Fyctia
Li vyolan
J’aurais aimé avoir droit à beaucoup plus de temps, pour m’en délecter, tressaillir sous la vigoureuse étreinte tiède et violente qui semble m’entraîner dans un tourbillon où passion et secousses ne forment qu’une seule et même entité. J’aurais voulu devenir une chair imperméable pour conserver à jamais cette onde d’électrochoc qui m’a fendu le corps en deux, laissant sur son passage, des sensations aussi grisantes que déconcertantes. Passer de l’hiver à l’été sans transition, ce n’est pas rien. Ça l’est encore moins de sentir la terreur disparaître en un clin d’œil pour laisser la place à du désir. Et quel désir ! Pure, dure, aussi corsé que l’a été l’âge de pierre, primitif comme l’a été l’homme à cette époque, loin des paravents de la délicatesse, la raison et la science. Si seulement j’étais maîtresse de l’horloge, du monde…
Mais peut-être devrais commencer par devenir maîtresse de mon corps, rester logique dans mes réactions. Et si je m’engageais plutôt à raturer ce sourire et à laisser davantage de place au plus légitime : l’hébètement, la colère et la déception ? Que fait ce pauvre employé de garage californien à une fête privée dont la quasi-totalité des invités est minimum, riche en millions ?

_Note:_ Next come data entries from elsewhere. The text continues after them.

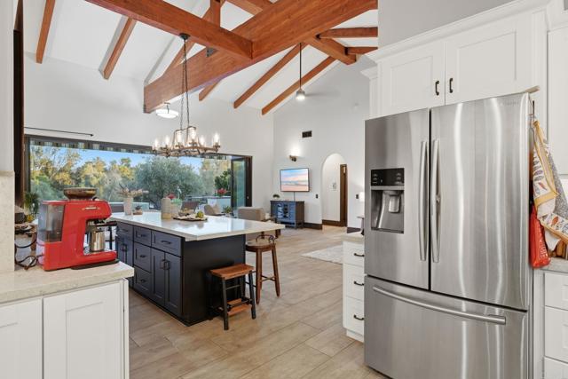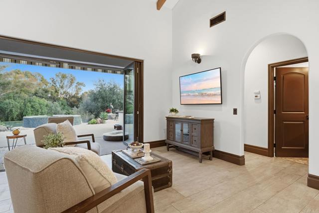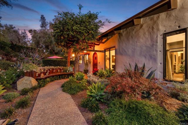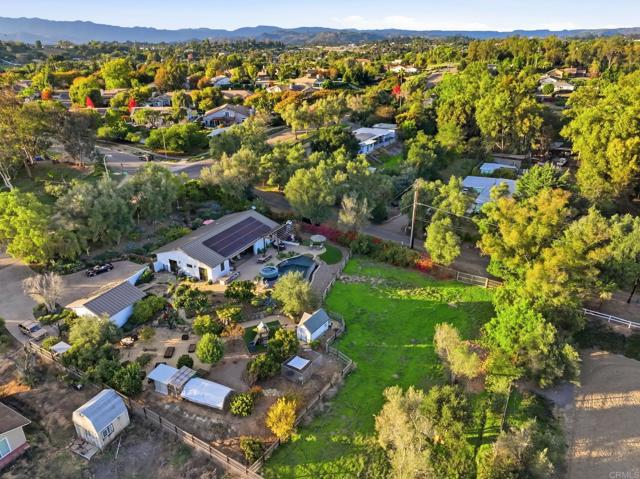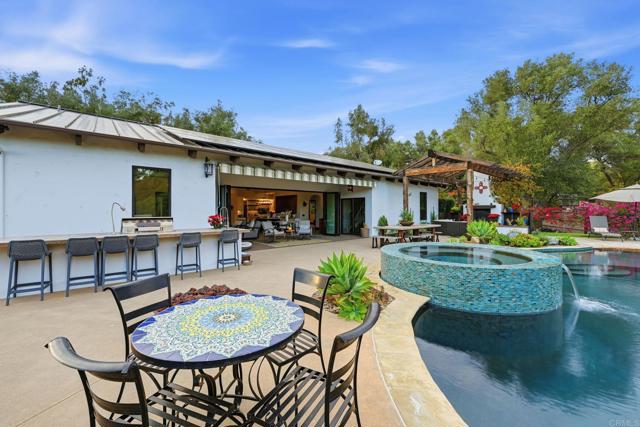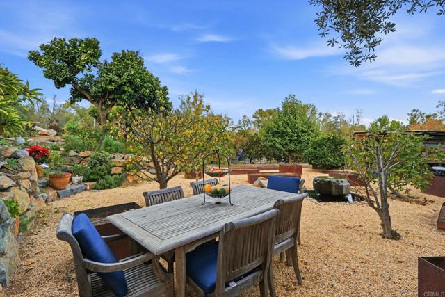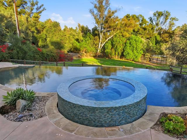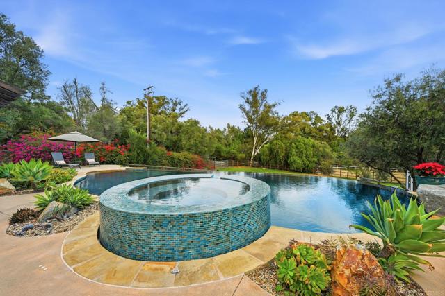 Welcome to 1111 Palomino Road, where luxury, nature, and timeless design come together to create one of Fallbrook’s most enchanting estate retreats. Set atop gently rolling grounds and surrounded by resort-style amenities, this farmhouse-inspired sanctuary immediately captivates with warm elegance and unforgettable charm. From the moment you arrive, you’re greeted by artful landscaping, tranquil water features, and a sense of peaceful seclusion that feels worlds away—yet every inch of the property has been thoughtfully crafted for modern living, effortless comfort, and unforgettable moments, and was proudly awarded 2025 FALLBROOK GARDEN OF THE YEAR. Discover the magic of this beautifully crafted estate that captures the essence of refined country living. Warm, inviting, and effortlessly elegant, the home blends timeless design with sophisticated upgrades to create a space that feels both inspiring and grounding. Smooth stucco, custom corten steel accents, and professionally maintained landscaping with uplighting offer a striking welcome, immediately setting the tone for the craftsmanship found throughout. A handcrafted Mission-style Dutch door opens to a bright interior where wide porcelain plank flooring and recessed lighting highlight an open, airy layout. Modern convenience meets rustic charm with a fully integrated smart home system controlled via cell phone and Bluetooth, dual AC units, and a whole-house generator. Each bedroom features sliding-door access to the outdoors, enhancing the seamless indoor-outdoor connection. The kitchen stands as a true centerpiece—featuring expansive quartz counters, a hammered copper farmhouse sink, premium shaker cabinetry, generous prep space including a pot filler, stainless steel appliances, and custom lighting adjustable to your needs. From here, collapsible bi-fold doors open wide to blur the boundary between indoors and out, instantly expanding your living space into a breathtaking outdoor oasis. The resort-style grounds are a world of their own. A built-in outdoor kitchen with grill, sink, and refrigerator, two fireplace features, and three serene water elements create the perfect backdrop for gatherings. At the heart of the property lies a spectacular infinity pool with a beach-style entrance and spa, surrounded by Cameron flagstone and enveloped in treetop views. An electric awning shades the back patio, while in-ground Bluetooth speakers elevate the ambiance. Nature enthusiasts will love the expansive edible garden framed by custom Corten steel planters and an orchard offering a variety of fruit trees—including fig, peach, nectarine, lemon, grapefruit, navel orange, lime, white peach, apple, loquat, pomegranate, and Fuji apple—supported by a property-wide drip irrigation system. A productive chicken coop yields 4–5 eggs daily, and a dedicated dog run with automatic watering, along with a life-sized children’s dollhouse/playroom and swing set, add thoughtful touches for all. Beyond the cultivated spaces, the backyard’s open area offers room for oversized RV parking, additional structures, an ADU, and even future subdivision—providing outstanding flexibility. Practical luxury continues with an owned solar system, EV charging in the garage, and a long-lasting standing-seam steel roof. Every corner of this exceptional property radiates charm, intention, and craftsmanship. Beautiful, functional, and truly unforgettable, 1111 Palomino Road is more than a home—it’s a lifestyle, a sanctuary, and a rare Fallbrook treasure you’ll never want to leave.
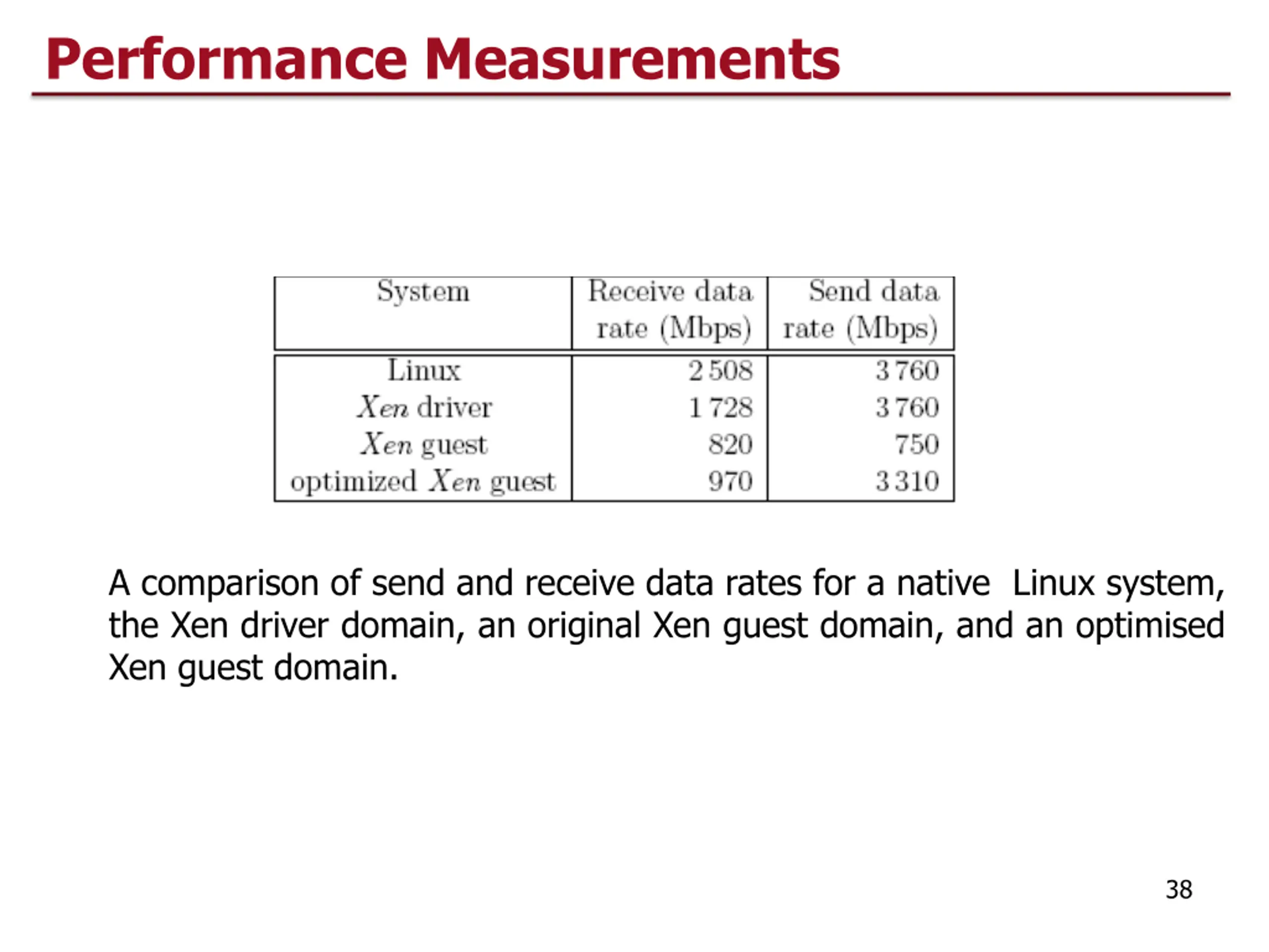 Performance Measurements A comparison of send and receive data rates for a native Linux system, the Xen driver domain, an original Xen guest domain, and an optimised Xen guest domain. 38
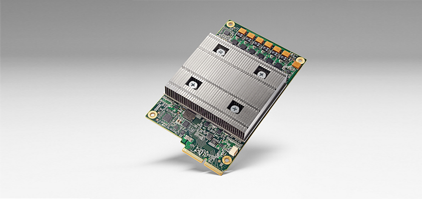 研发之初,由于谷歌需要尽快将TPU部署到内部现有的服务器中,因此研发人员选择将处理器打包成外部加速卡,以插入SATA硬盘插槽后进行嵌入式安装。
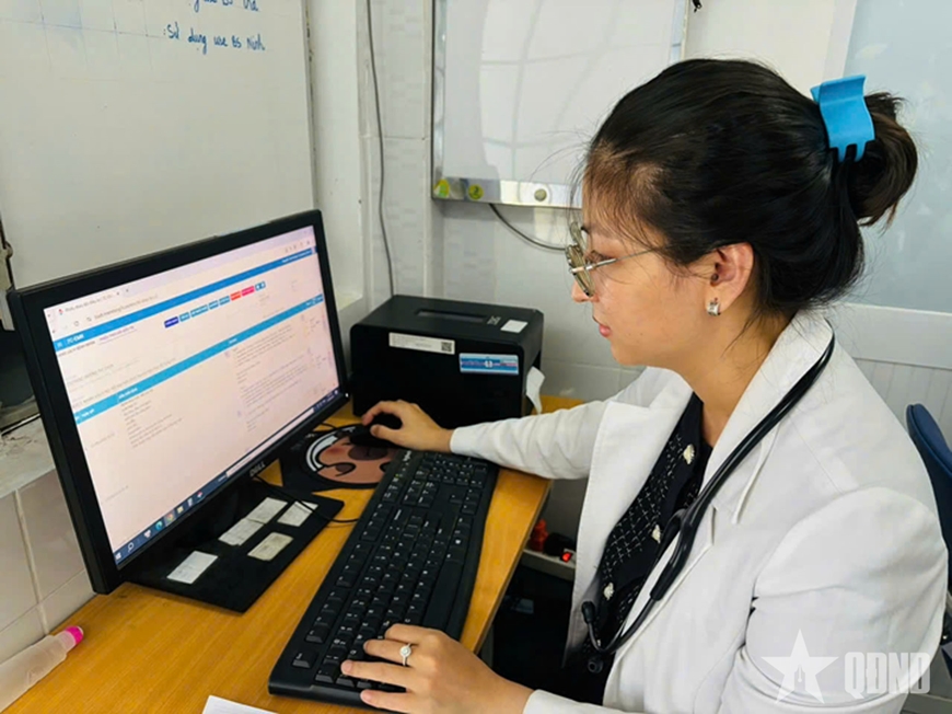 Trong phòng khám, bác sĩ mở hồ sơ bệnh án điện tử, nhanh chóng xem kết quả xét nghiệm cũ và đưa ra chỉ định tiếp theo, quy trình diễn ra gọn gàng, chính xác.
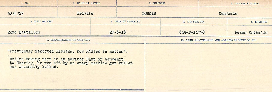 Baptisé Émile-Benjamin Dubois. Fils de François-Xavier Dubois (décédé 1899) et Émilie Lavoie, de Montréal (Ste-Cunégonde), Québec; elle en était à son deuxième veuvage et ne s’est jamais remariée. Benjamin avait déclaré être né le 13 lors de son enrôlement.
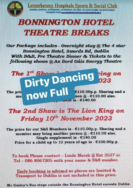 The first show for Dirty Dancing is now full. If still interested attending The Lion King, please contact Linda at the number on the poster attached as places are filling up fast. Posted by0860801074mMarch 1, 2023Posted inUncategorized Share this: Click to share on X (Opens in new window) X Click to share on Facebook (Opens in new window) Facebook Like Loading...
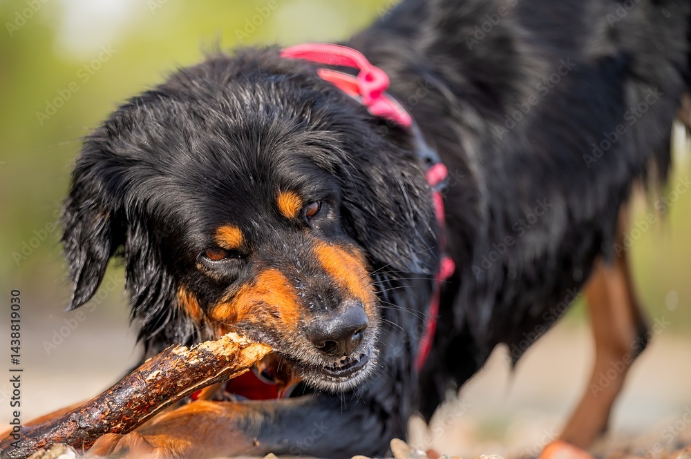 Hovawart Dog Biting and Chewing a Stick Outdoors. Playful Dog on Beach by Lake in Switzerland.
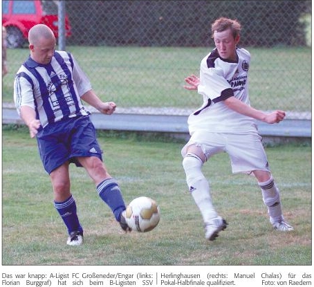 Ein Elfmeter in der 82. Min. hat das Kreispokalspiel zugunsten des FC Großeneder/Engar bei tropischen Temperaturen um 35 Grad entschieden.
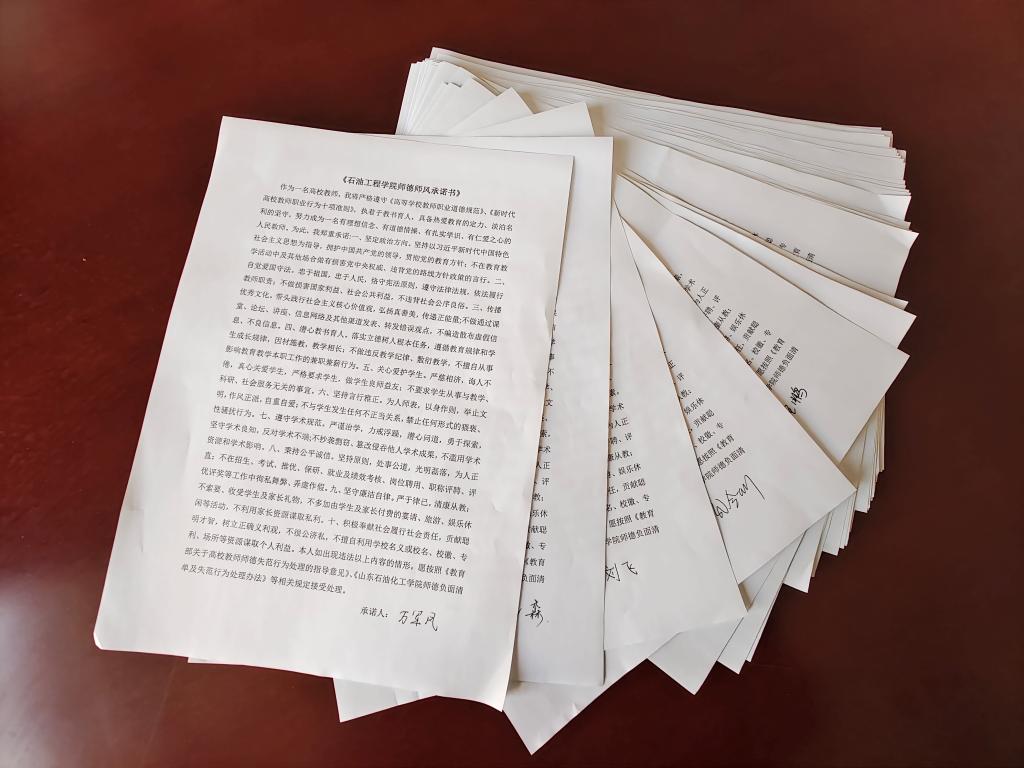 王蛟院长领誓了“师德铸魂,匠心筑梦”师德师风誓言。最后,石油工程学院全体教师签订了《石油工程学院师德师风承诺书》,郑重承诺将以更加优秀的师德师风,为培养高素质专业人才贡献力量。此次活动深入推进了教师师德师风建设,为高质量教育事业注入了更多的正能量。
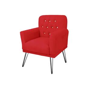 Conjunto 2 Poltronas Estofada Para Escritório Pés de Ferro Anitta Suede Vermelho - LM DECOR

— Ah la voilà, marche vers moi Billy, les bras grands-ouverts. Messieurs, mesdames, ma grande fille, Rockalia. Je vous l’avais dit, elle est un peu timide.
Je crois entendre des applaudissements, des voix enchantées, des mots de bienvenu aussi. Simplement parce que je n’y suis pas, tout semble flou dans les alentours. Trouble aussi. Je ne vois que lui. Je ne désire entendre que sa voix, ou ne serait-ce le son de sa respiration partie tout autant en vrille que la mienne, au premier heurt de nos iris. Il a beau avoir repris contenance maintenant, il m’a reconnu, j’en suis certaine. J’en suis on ne peut plus émue, malgré tout.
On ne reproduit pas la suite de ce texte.